When the California State Legislature recently reconvened for its 2008 legislative session in Sacramento, State Senator Carole Migden (D-San Francisco/North Bay) immediately introduced legislation to protect rental customers from being overcharged at California airports, the California Chronicle reports.

Migden's SB 1057 would repeal 2006 legislation which has allowed companies to overcharge California consumers by millions of dollars—$24 million in 2007 alone. Migden said she also intends to prohibit car rental companies from passing on to consumers costs of funding the California Travel and Tourism Commission, a cost that the rental car companies were supposed to impose on themselves.

In a last-minute "gut and amend" in 2006 rental car companies operating out of California airports agreed to increase tourism assessments that they contribute to the budget of the CTTC, in exchange for being allowed to "unbundle" (separately list) their fees when the companies advertise or quote rates, for example, on the Internet.

One of the fees that the rental car companies have to pay, a fee they wanted to unbundled, is the charge that airports levy on them.
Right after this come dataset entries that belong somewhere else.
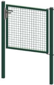
Egidia M50 Drehtore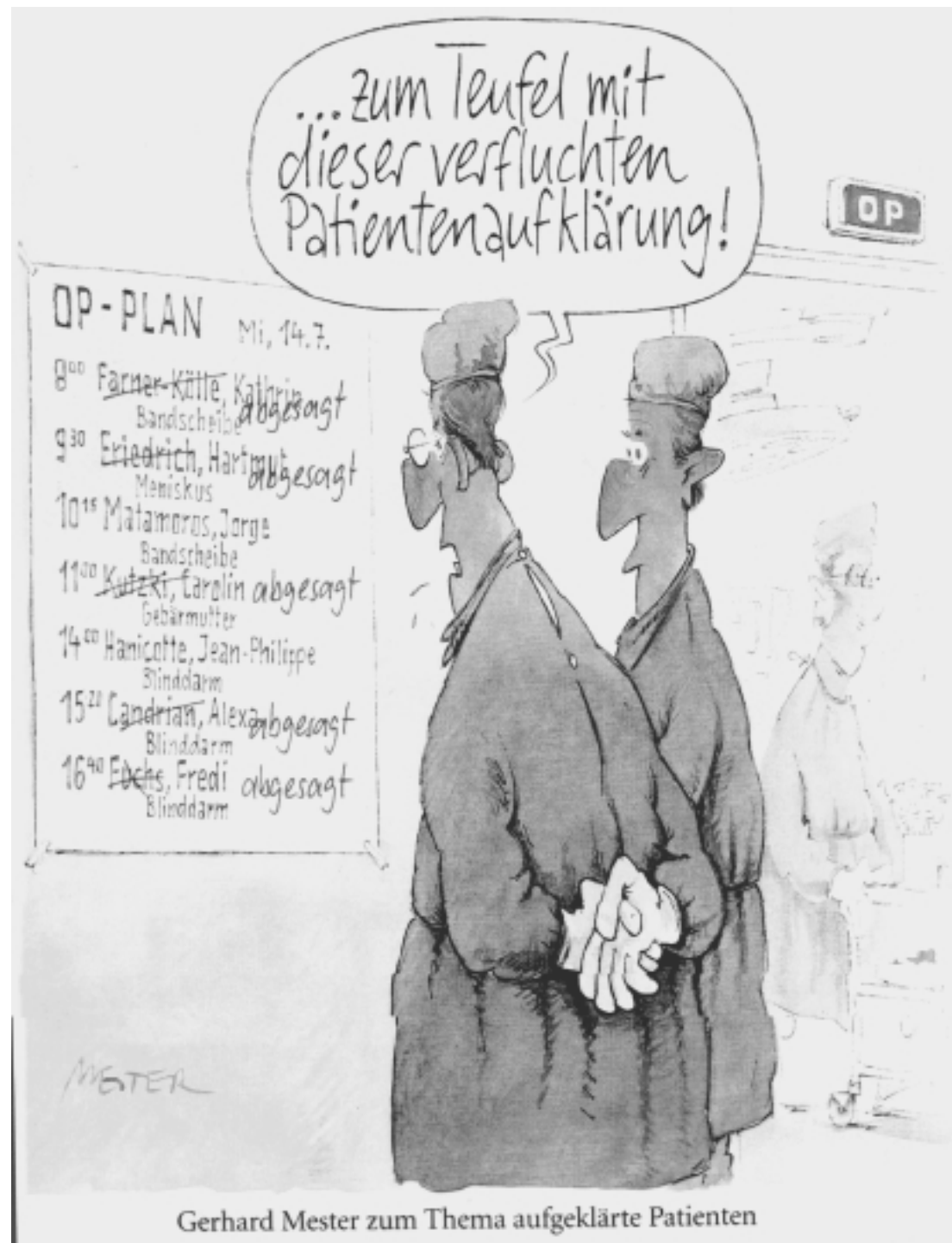
Gerhard Mester zum Thema aufgeklärte Patienten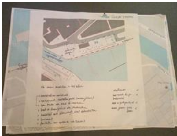
Uitwerking ideeën (groep 2), november 2015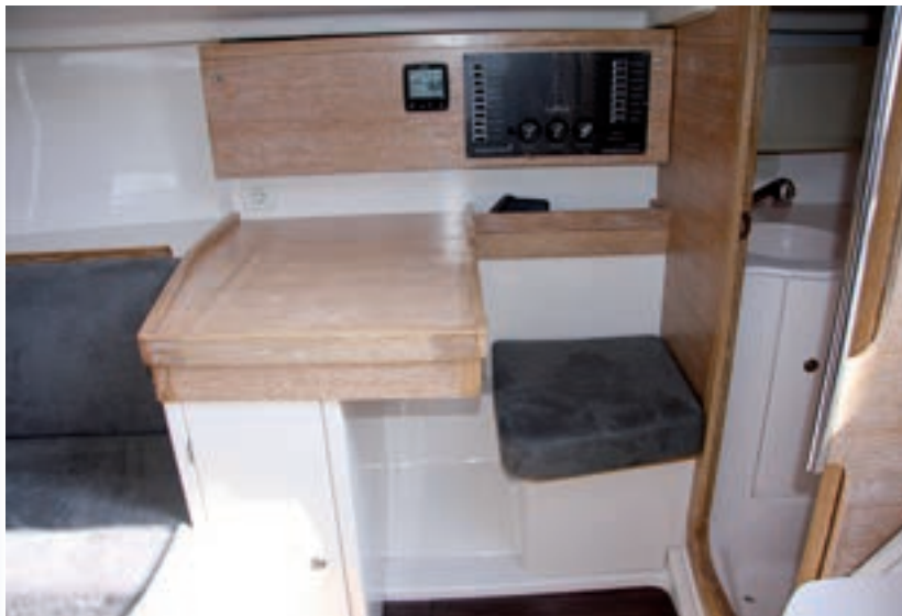
La mesa de cartas es grande y cumple a la perfección con la misión.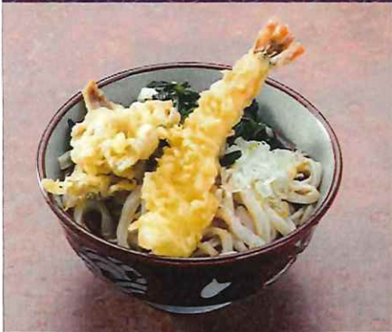
天ぷらうどん 1000 円 (税込価格)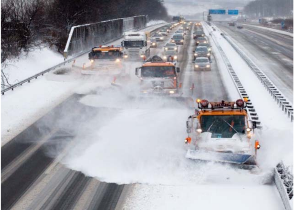
Abb. 5 Winterdienst auf der Autobahn im fließenden Verkehr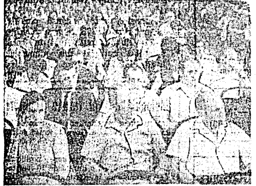
Aspect din timpul constatărilor cadrelor didactice.

În urma și vizită, dezvoltarea gândirii științifice și social-politice, ajutîndu-l să înțeleagă realitățile sociale. În continuare, referatul a menționat rezultatele obținute pe linia educativă patriotică a elevilor, a cultivării responsabilității lor sociale și preocupările unor profesori pentru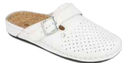
WZÓR ROZMIAR 158D175 36-41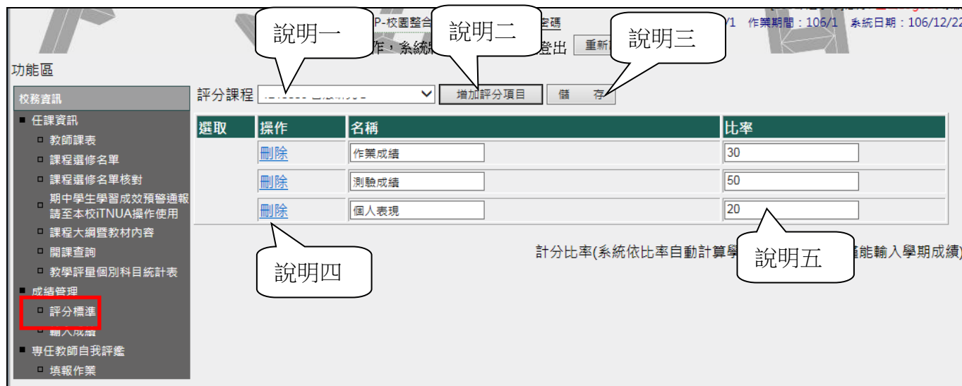
圖五：評分標準輸入畫面

That airport concession fee is typically about 11 percent of the rental price.

The University of San Diego School of Law's Center for Public Interest Law filed a class action anti-trust case against seven rental car firms in November alleging that the add-on charges were the product of unlawful and collusive private price fixing.

According to the California Chronicle, Migden's legislation also requires rental car companies to provide the legislature with a certified audit of how much additional money they made off of consumers while AB 2592 has been in effect.